Extracted entries>
-.-.-

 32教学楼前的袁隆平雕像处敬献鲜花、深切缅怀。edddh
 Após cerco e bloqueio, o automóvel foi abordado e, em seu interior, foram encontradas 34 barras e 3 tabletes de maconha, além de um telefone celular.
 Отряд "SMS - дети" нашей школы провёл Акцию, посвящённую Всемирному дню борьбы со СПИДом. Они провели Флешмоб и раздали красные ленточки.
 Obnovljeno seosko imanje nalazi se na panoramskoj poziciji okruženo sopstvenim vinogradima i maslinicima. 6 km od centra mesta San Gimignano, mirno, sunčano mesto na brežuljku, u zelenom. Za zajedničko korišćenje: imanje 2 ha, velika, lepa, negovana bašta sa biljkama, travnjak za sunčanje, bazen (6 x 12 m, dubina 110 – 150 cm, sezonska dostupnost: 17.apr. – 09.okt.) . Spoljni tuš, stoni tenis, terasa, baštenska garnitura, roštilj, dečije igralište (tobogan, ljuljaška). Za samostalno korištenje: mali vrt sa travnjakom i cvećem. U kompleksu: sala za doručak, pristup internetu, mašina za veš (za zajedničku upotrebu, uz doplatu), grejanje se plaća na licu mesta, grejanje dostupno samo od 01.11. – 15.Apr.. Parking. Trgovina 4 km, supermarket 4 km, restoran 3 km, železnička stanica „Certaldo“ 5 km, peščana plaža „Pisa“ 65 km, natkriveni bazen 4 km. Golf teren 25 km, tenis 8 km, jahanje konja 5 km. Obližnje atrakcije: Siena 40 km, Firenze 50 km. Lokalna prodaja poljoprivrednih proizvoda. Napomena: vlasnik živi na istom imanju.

-.-.-

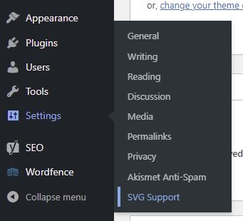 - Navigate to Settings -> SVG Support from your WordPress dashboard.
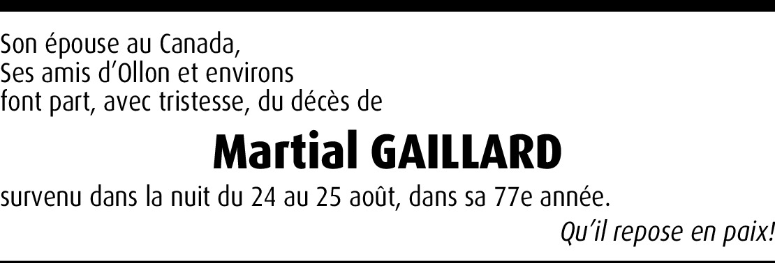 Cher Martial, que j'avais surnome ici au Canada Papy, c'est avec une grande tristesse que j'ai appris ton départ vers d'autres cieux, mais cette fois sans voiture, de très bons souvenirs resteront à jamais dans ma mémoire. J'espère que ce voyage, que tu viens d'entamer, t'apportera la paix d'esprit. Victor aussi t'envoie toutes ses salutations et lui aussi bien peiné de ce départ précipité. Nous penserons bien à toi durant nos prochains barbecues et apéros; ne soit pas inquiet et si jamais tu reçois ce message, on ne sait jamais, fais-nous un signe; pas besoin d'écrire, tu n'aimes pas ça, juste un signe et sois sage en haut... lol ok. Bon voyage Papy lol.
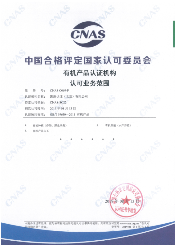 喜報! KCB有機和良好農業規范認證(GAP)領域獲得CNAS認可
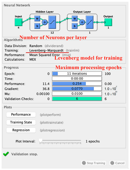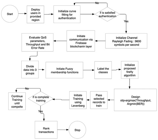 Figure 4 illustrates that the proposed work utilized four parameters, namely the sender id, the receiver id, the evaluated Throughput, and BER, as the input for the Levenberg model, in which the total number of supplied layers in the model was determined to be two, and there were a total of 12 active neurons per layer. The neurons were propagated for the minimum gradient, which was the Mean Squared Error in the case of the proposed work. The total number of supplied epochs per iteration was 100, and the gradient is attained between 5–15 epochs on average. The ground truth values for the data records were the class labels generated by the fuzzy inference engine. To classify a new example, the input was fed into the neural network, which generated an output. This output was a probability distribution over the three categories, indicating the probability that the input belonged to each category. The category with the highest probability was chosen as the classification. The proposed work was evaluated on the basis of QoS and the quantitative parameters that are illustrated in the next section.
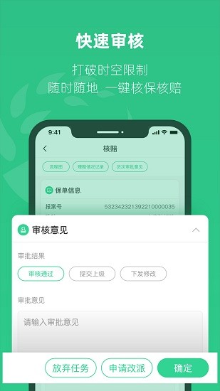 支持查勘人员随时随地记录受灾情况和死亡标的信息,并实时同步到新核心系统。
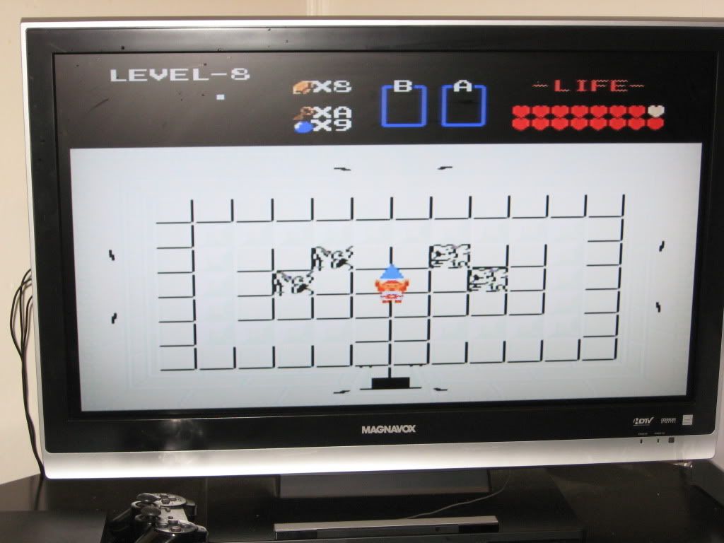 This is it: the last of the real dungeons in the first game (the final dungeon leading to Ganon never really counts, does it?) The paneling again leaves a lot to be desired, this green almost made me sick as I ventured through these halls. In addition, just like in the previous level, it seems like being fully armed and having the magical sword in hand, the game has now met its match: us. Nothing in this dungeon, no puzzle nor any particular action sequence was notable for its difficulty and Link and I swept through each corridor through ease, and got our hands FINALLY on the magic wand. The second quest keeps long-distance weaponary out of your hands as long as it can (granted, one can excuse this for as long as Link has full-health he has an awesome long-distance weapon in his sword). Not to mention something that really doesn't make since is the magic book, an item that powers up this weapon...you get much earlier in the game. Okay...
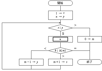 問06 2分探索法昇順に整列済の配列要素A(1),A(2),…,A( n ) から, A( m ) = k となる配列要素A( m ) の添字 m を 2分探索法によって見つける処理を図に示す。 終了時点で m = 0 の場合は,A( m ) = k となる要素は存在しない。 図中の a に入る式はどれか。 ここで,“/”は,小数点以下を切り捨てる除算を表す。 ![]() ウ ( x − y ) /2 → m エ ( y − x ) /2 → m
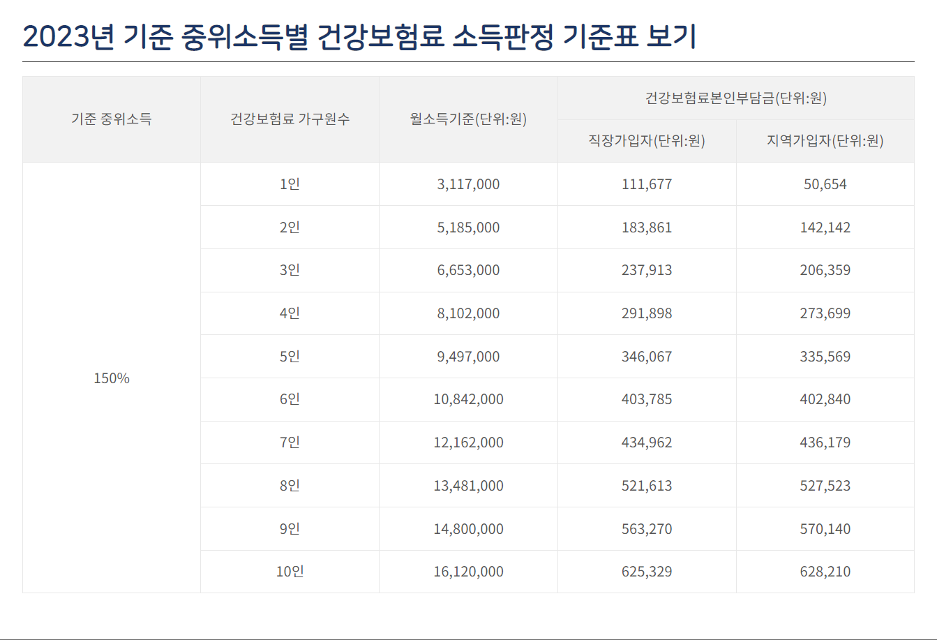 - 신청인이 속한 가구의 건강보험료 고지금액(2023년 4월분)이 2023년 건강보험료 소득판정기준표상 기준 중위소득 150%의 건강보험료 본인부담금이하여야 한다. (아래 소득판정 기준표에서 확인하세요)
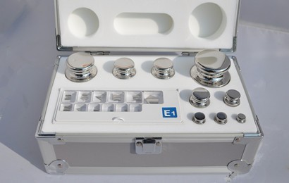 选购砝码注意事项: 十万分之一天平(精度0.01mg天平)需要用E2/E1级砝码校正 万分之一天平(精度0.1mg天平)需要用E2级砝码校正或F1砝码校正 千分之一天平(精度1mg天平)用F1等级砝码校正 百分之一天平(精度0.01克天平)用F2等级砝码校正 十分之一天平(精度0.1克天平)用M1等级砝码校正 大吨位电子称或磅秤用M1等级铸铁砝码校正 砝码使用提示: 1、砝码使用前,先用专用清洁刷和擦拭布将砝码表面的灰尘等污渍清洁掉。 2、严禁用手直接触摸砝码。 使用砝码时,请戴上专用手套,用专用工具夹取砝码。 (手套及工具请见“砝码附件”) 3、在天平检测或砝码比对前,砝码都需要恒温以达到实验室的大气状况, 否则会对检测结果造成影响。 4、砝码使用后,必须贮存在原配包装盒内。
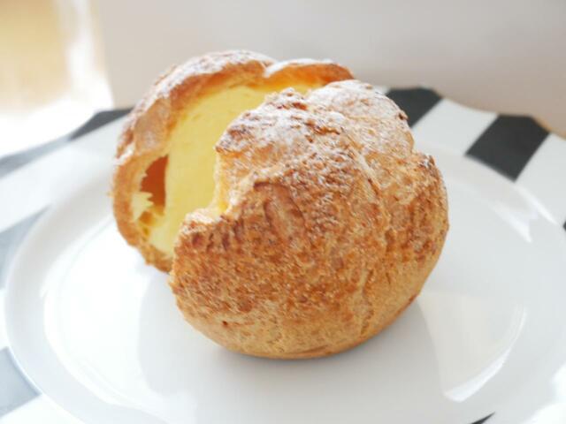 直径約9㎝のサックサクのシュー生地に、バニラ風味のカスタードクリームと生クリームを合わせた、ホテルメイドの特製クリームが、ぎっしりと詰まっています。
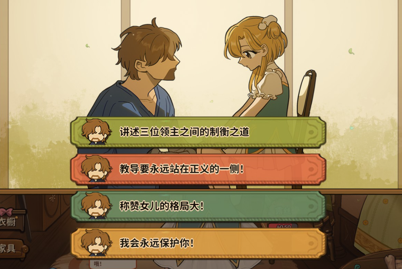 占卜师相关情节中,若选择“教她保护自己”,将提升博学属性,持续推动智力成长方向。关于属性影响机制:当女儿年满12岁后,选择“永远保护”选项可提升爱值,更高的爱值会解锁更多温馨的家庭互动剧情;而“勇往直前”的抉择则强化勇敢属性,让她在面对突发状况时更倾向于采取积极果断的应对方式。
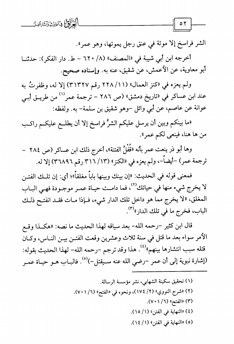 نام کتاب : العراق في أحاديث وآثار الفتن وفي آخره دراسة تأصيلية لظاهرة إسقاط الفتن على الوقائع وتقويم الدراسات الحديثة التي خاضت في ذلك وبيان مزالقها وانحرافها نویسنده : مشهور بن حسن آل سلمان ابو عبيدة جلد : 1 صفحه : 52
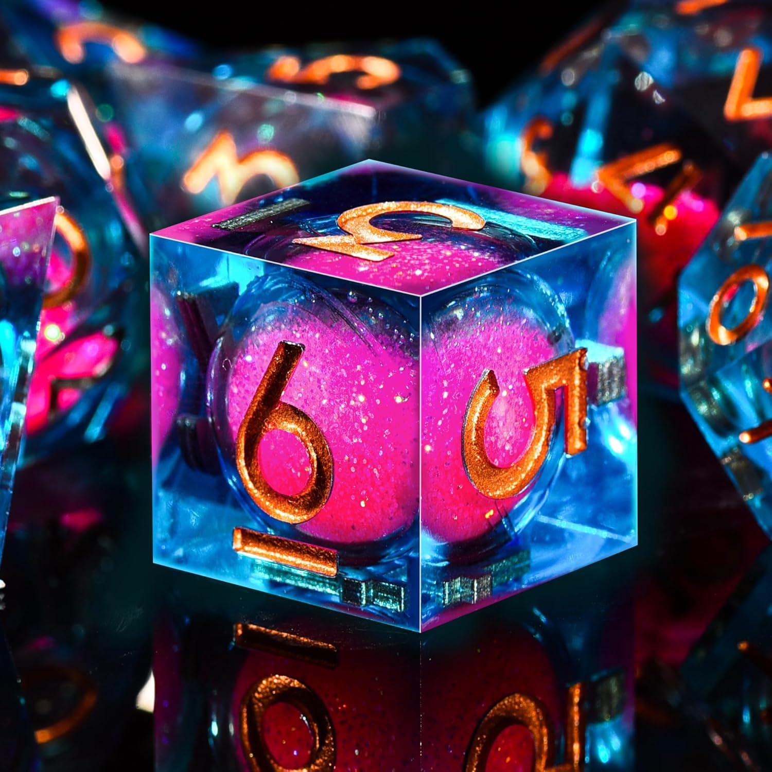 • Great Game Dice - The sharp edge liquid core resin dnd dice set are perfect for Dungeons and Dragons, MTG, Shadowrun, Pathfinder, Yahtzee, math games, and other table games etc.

-.-.-

Task to carry out>
Write out exactly the lines above between the one with "大吨位电子称或磅秤用M1等级铸铁砝码校正 砝码使用提示: 1、砝码使用前,先用专用清洁刷和擦拭布将砝码表面的灰尘等污渍清洁掉。" and the one with "table games etc.", inclusive, with pictures left out.

Exercise answer>
 选购砝码注意事项: 十万分之一天平(精度0.01mg天平)需要用E2/E1级砝码校正 万分之一天平(精度0.1mg天平)需要用E2级砝码校正或F1砝码校正 千分之一天平(精度1mg天平)用F1等级砝码校正 百分之一天平(精度0.01克天平)用F2等级砝码校正 十分之一天平(精度0.1克天平)用M1等级砝码校正 大吨位电子称或磅秤用M1等级铸铁砝码校正 砝码使用提示: 1、砝码使用前,先用专用清洁刷和擦拭布将砝码表面的灰尘等污渍清洁掉。 2、严禁用手直接触摸砝码。 使用砝码时,请戴上专用手套,用专用工具夹取砝码。 (手套及工具请见“砝码附件”) 3、在天平检测或砝码比对前,砝码都需要恒温以达到实验室的大气状况, 否则会对检测结果造成影响。 4、砝码使用后,必须贮存在原配包装盒内。
 直径約9㎝のサックサクのシュー生地に、バニラ風味のカスタードクリームと生クリームを合わせた、ホテルメイドの特製クリームが、ぎっしりと詰まっています。
 占卜师相关情节中,若选择“教她保护自己”,将提升博学属性,持续推动智力成长方向。关于属性影响机制:当女儿年满12岁后,选择“永远保护”选项可提升爱值,更高的爱值会解锁更多温馨的家庭互动剧情;而“勇往直前”的抉择则强化勇敢属性,让她在面对突发状况时更倾向于采取积极果断的应对方式。
 نام کتاب : العراق في أحاديث وآثار الفتن وفي آخره دراسة تأصيلية لظاهرة إسقاط الفتن على الوقائع وتقويم الدراسات الحديثة التي خاضت في ذلك وبيان مزالقها وانحرافها نویسنده : مشهور بن حسن آل سلمان ابو عبيدة جلد : 1 صفحه : 52
 • Great Game Dice - The sharp edge liquid core resin dnd dice set are perfect for Dungeons and Dragons, MTG, Shadowrun, Pathfinder, Yahtzee, math games, and other table games etc.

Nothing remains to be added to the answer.